Rohit Kumar: RAID Configuration

RAID 0

Diagram of a RAID 0 setup

A RAID 0 (also known as a stripe set or striped volume) splits data evenly across two or more disks (striped) without parity information for speed. RAID 0 was not one of the original RAID levels and provides no data redundancy. RAID 0 is normally used to increase performance, although it can also be used as a way to create a large logical disk out of two or more physical ones.
A RAID 0 can be created with disks of differing sizes, but the storage space added to the array by each disk is limited to the size of the smallest disk. For example, if a 100 GB disk is striped together with a 350 GB disk, the size of the array will be 200 GB (100 GB × 2).

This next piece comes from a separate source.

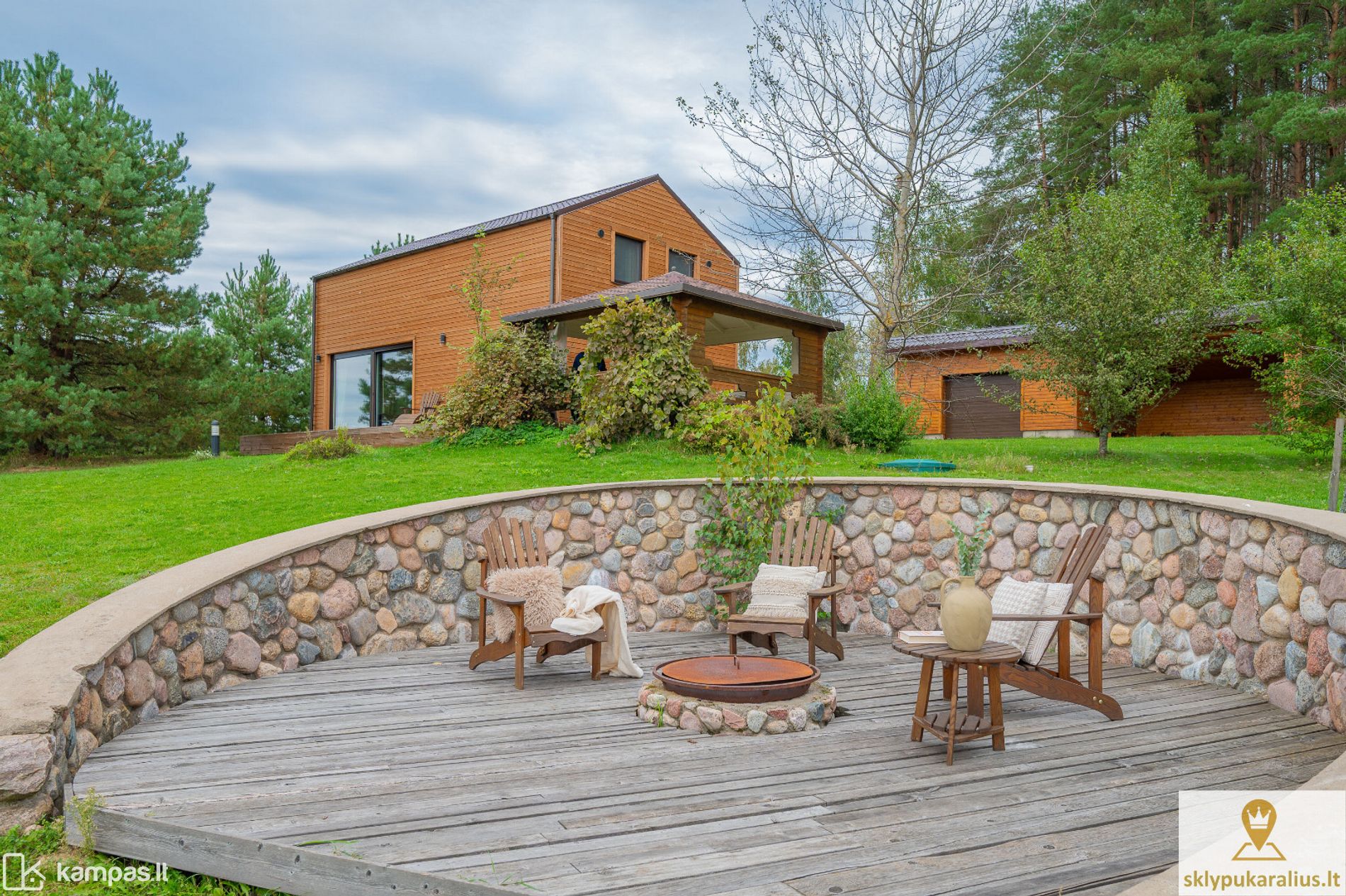 Atraskite romantišką ir ekologišką poilsį sau ir svečiams, name apsutame pušyno, iš kur atsiveria žavinga apylinkių panorama. Tai puiki vieta atsipalaiduoti ir mėgautis gamtos teikiamu ramumu, pasimėgaukite rytinėmis kavos puodelio akimirkomis su vaizdu į ežerą. Tokie rytai gali tapti ir kasdieniška pramoga, nes namas pritaikytas ir nuolatiniam gyvenimui! Įsivaizduoji?

$\begin{align} \mathrm{Size} & = 2 \cdot \min \left( 100\,\mathrm{GB}, 350\,\mathrm{GB} \right) \\ & = 2 \cdot 100\,\mathrm{GB} \\ & = 200\,\mathrm{GB} \end{align}$

The diagram shows how the data is distributed into Ax stripes to the disks. Accessing the stripes in the order A1, A2, A3, ... provides the illusion of a larger and faster drive. Once the stripe size is defined on creation it needs to be maintained at all times.

Performance

RAID 0 is also used in some computer gaming systems where performance is desired and data integrity is not very important. However, real-world tests with computer games have shown that RAID-0 performance gains are minimal, although some desktop applications will benefit.^[2]^[3] Another article examined these claims and concludes: "Striping does not always increase performance (in certain situations it will actually be slower than a non-RAID setup), but in most situations it will yield a significant improvement in performance." ^[4]

RAID 1

Diagram of a RAID 1 setup

An exact copy (or mirror) of a set of data on two disks. This is useful when read performance or reliability is more important than data storage capacity. Such an array can only be as big as the smallest member disk. A classic RAID 1 mirrored pair contains two disks (see reliability geometrically) over a single disk. Since each member contains a complete copy and can be addressed independently, ordinary wear-and-tear reliability is raised by the power of the number of self-contained copies.

Performance

Since all the data exists in two or more copies, each with its own hardware, the read performance can go up roughly as a linear multiple of the number of copies. That is, a RAID 1 array of two drives can be reading in two different places at the same time, though most implementations of RAID 1 do not do this.^[5]^{[citation needed]} To maximize performance benefits of RAID 1, independent disk controllers are recommended, one for each disk. Some refer to this practice as splitting or duplexing (for two disk arrays) or multiplexing (for arrays with more than two disks). When reading, both disks can be accessed independently and requested sectors can be split evenly between the disks. For the usual mirror of two disks, this would, in theory, double the transfer rate when reading. The apparent access time of the array would be half that of a single drive. Unlike RAID 0, this would be for all access patterns, as all the data are present on all the disks. In reality, the need to move the drive heads to the next block (to skip blocks already read by the other drives) can effectively mitigate speed advantages for sequential access. Read performance can be further improved by adding drives to the mirror. Many older IDE RAID 1 controllers read only from one disk in the pair, so their read performance is always that of a single disk. Some older RAID 1 implementations read both disks simultaneously to compare the data and detect errors. The error detection and correction on modern disks makes this less useful in environments requiring normal availability. When writing, the array performs like a single disk, as all mirrors must be written with the data. Note that these are best case performance scenarios with optimal access patterns.

RAID 2

RAID Level 2

A RAID 2 stripes data at the bit (rather than block) level, and uses a Hamming code for error correction. The disks are synchronized by the controller to spin at the same angular orientation (they reach Index at the same time), so it generally cannot service multiple requests simultaneously. Extremely high data transfer rates are possible. This is the only original level of RAID that is not currently used.^[6]^[7]
All hard disks eventually implemented Hamming code error correction. This made RAID 2 error correction redundant and unnecessarily complex. This level quickly became useless and is now obsolete. There are no commercial applications of RAID 2.^[6]^[7]

RAID 3

Diagram of a RAID 3 setup of 6-byte blocks and two parity bytes, shown are two blocks of data in different colors.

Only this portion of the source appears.